*WHAT IS REQUIRED:*
Copy out exactly, from the entries that follow, the line holding "组 2 号。发布前,两位发布人精心筹备,全程脱稿演讲,向与会专家及同行详尽介绍", the line holding "The paper presents", and all lines between them, but no pictures.

*DATA RECORDS:*

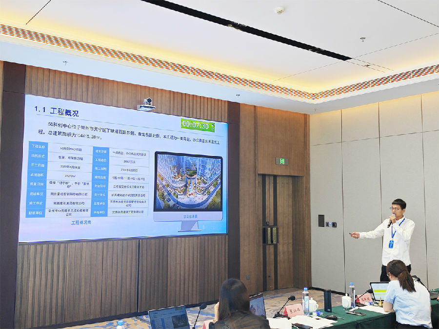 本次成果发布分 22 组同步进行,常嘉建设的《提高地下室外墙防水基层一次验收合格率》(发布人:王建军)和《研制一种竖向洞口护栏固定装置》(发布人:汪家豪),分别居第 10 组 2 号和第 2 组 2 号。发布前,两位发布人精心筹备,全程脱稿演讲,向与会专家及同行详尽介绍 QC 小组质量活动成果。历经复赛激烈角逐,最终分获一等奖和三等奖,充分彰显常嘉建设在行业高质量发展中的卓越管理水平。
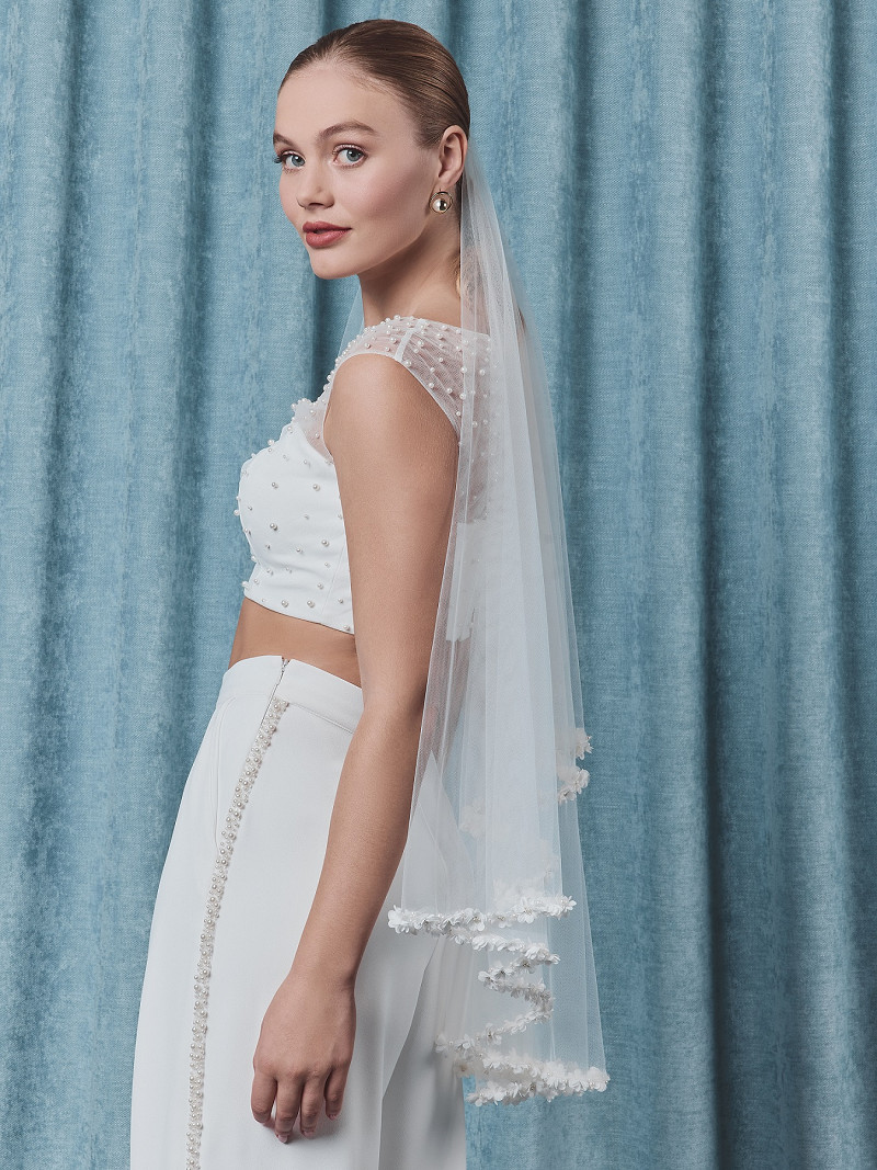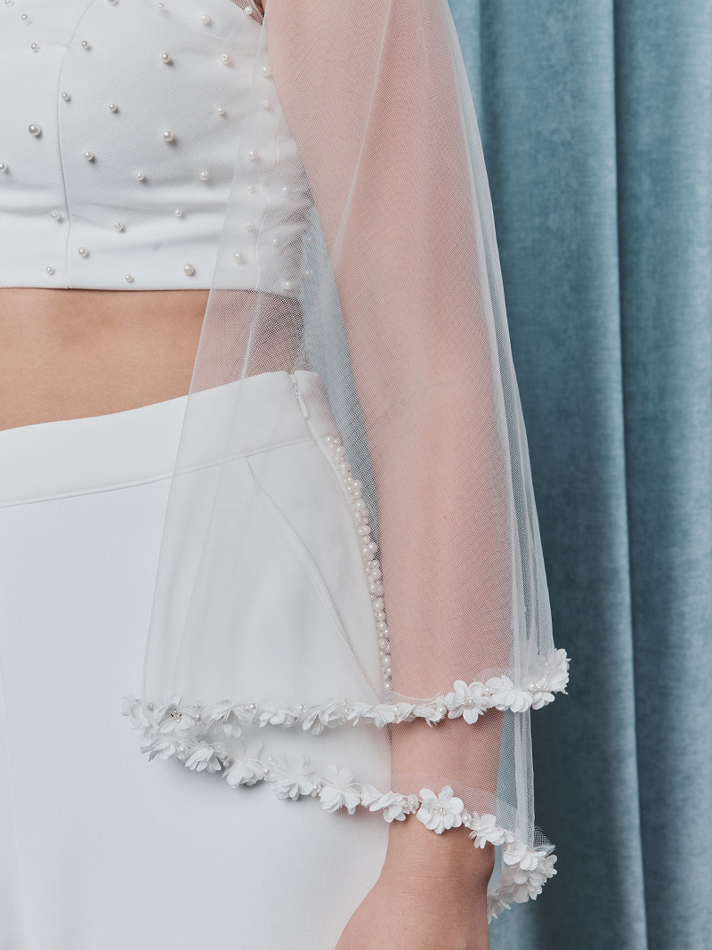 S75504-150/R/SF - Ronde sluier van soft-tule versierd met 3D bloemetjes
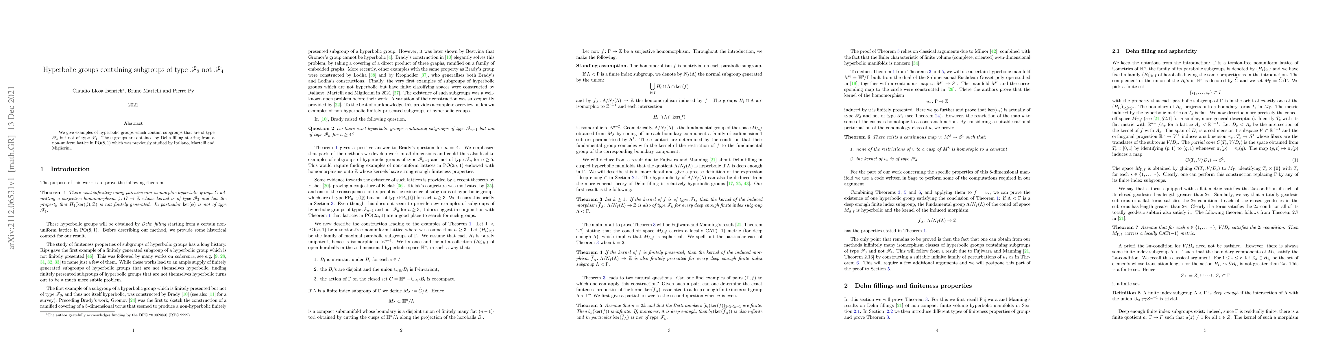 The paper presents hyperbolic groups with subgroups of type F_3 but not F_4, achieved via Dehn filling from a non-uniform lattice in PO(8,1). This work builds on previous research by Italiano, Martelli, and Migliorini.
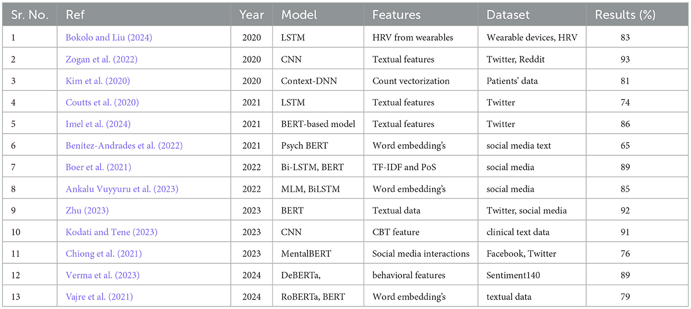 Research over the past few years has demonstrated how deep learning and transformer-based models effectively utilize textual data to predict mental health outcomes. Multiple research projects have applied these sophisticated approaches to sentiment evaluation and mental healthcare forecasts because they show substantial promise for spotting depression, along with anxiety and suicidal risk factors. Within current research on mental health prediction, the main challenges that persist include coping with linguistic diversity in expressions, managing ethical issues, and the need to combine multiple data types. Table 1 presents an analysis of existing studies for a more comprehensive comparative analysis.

---

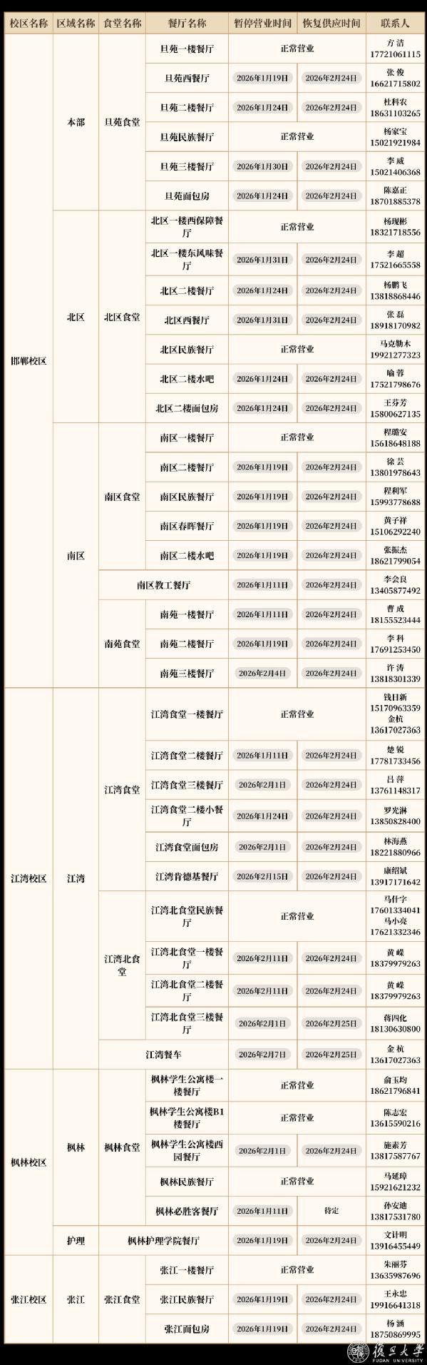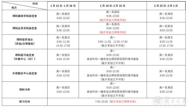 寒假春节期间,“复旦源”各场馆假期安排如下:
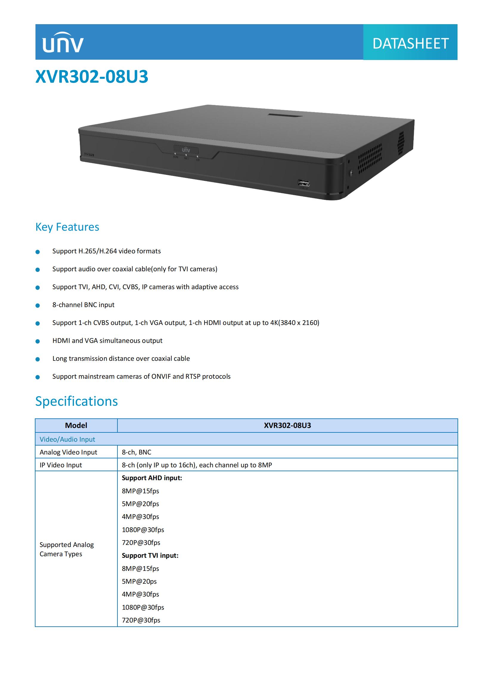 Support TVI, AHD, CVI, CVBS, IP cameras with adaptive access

---

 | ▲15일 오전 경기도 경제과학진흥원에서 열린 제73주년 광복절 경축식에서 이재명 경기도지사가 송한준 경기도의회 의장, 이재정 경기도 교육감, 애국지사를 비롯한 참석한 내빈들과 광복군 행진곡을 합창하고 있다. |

*RESPONSE TO THE EXERCISE:*
 本次成果发布分 22 组同步进行,常嘉建设的《提高地下室外墙防水基层一次验收合格率》(发布人:王建军)和《研制一种竖向洞口护栏固定装置》(发布人:汪家豪),分别居第 10 组 2 号和第 2 组 2 号。发布前,两位发布人精心筹备,全程脱稿演讲,向与会专家及同行详尽介绍 QC 小组质量活动成果。历经复赛激烈角逐,最终分获一等奖和三等奖,充分彰显常嘉建设在行业高质量发展中的卓越管理水平。
 S75504-150/R/SF - Ronde sluier van soft-tule versierd met 3D bloemetjes
 The paper presents hyperbolic groups with subgroups of type F_3 but not F_4, achieved via Dehn filling from a non-uniform lattice in PO(8,1). This work builds on previous research by Italiano, Martelli, and Migliorini.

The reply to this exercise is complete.